By  Associate News Editor
Reviewed by John M. Grohol, Psy.D. on April 12, 2014
Head Injuries Can Affect Children's Social LivesNew research has found that suffering a head injury can affect children’s social lives for years to come.
For their study, neuroscientists at Brigham Young University (BYU) examined a group of children three years after each had suffered a traumatic brain injury, most commonly from car accidents. They found that a lingering injury in a specific region of the brain predicted the health of the children’s social lives.
“The thing that’s hardest about brain injury is that someone can have significant difficulties but they still look okay,” said Shawn Gale, Ph.D., a neuropsychologist at BYU.
“But they have a harder time remembering things and focusing on things and that affects the way they interact with other people. Since they look fine, people don’t cut them as much slack as they ought to.”
For the study, published in the Journal of Head Trauma Rehabilitation, Gale and Ph.D. student Ashley Levan compared the children’s social lives and thinking skills with the thickness of the brain’s outer layer in the frontal lobe.
The brain measurements came from magnetic resonance imaging (MRI) scans, while the social information was gathered from parents on a variety of subjects, such as their children’s participation in groups, number of friends, and the amount of time spent with friends.

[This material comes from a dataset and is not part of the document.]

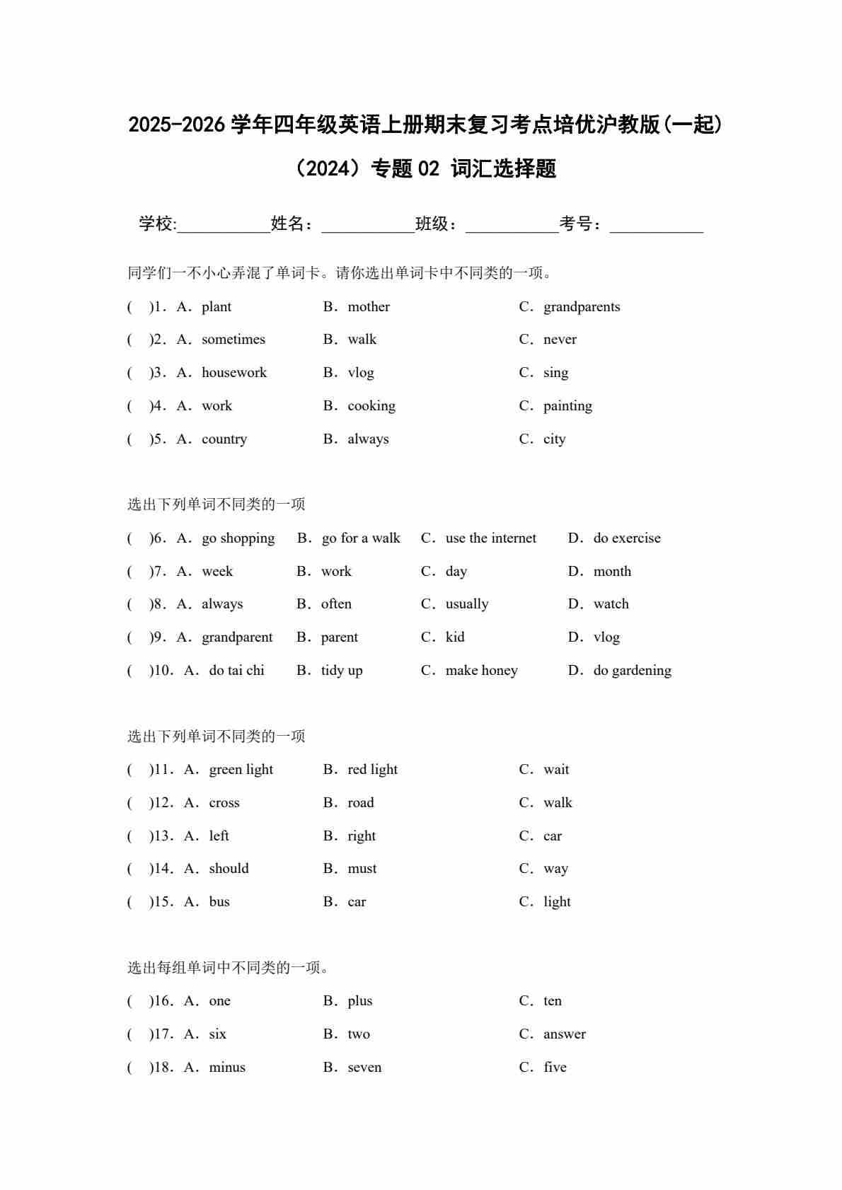 25秋四上沪教 02 词汇选择题
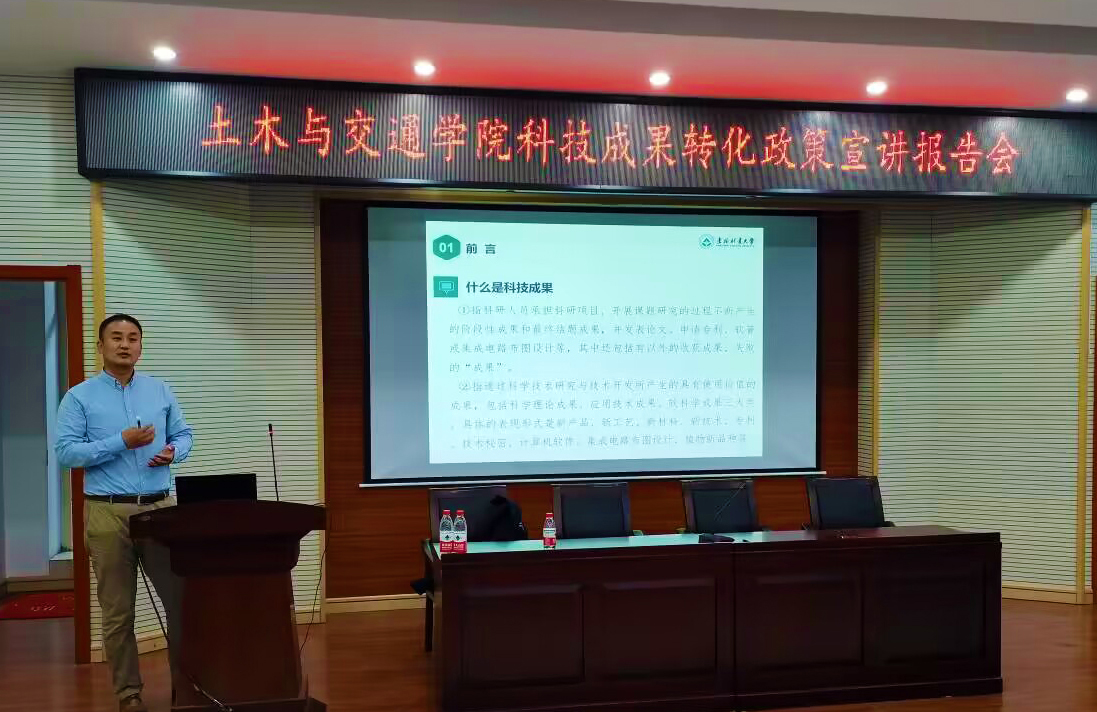 初冬虽大雪,科研正当时。为促进学校科技成果转化工作量质齐升,学校近年陆续出台了相关政策,鼓励学院教师和科研人员积极开展科技成果转化工作。11月8日下午15点40分,在土木与交通学院主东301学术报告厅,学院邀请校科学技术研究院姜洋副院长为学院教师作科技成果转化相关政策的详细解读,让老师们更好地了解了最新政策。报告会由王立峰副院长主持,学院近50名教师参加了宣讲报告会。

The BYU scientists also found that physical injury and social withdrawal are connected through “cognitive proficiency,” defined as the combination of short-term memory and the brain’s processing speed.
“In social interactions we need to process the content of what a person is saying in addition to simultaneously processing nonverbal cues,” Levan said. “We then have to hold that information in our working memory to be able to respond appropriately. If you disrupt working memory or processing speed it can result in difficulty with social interactions.”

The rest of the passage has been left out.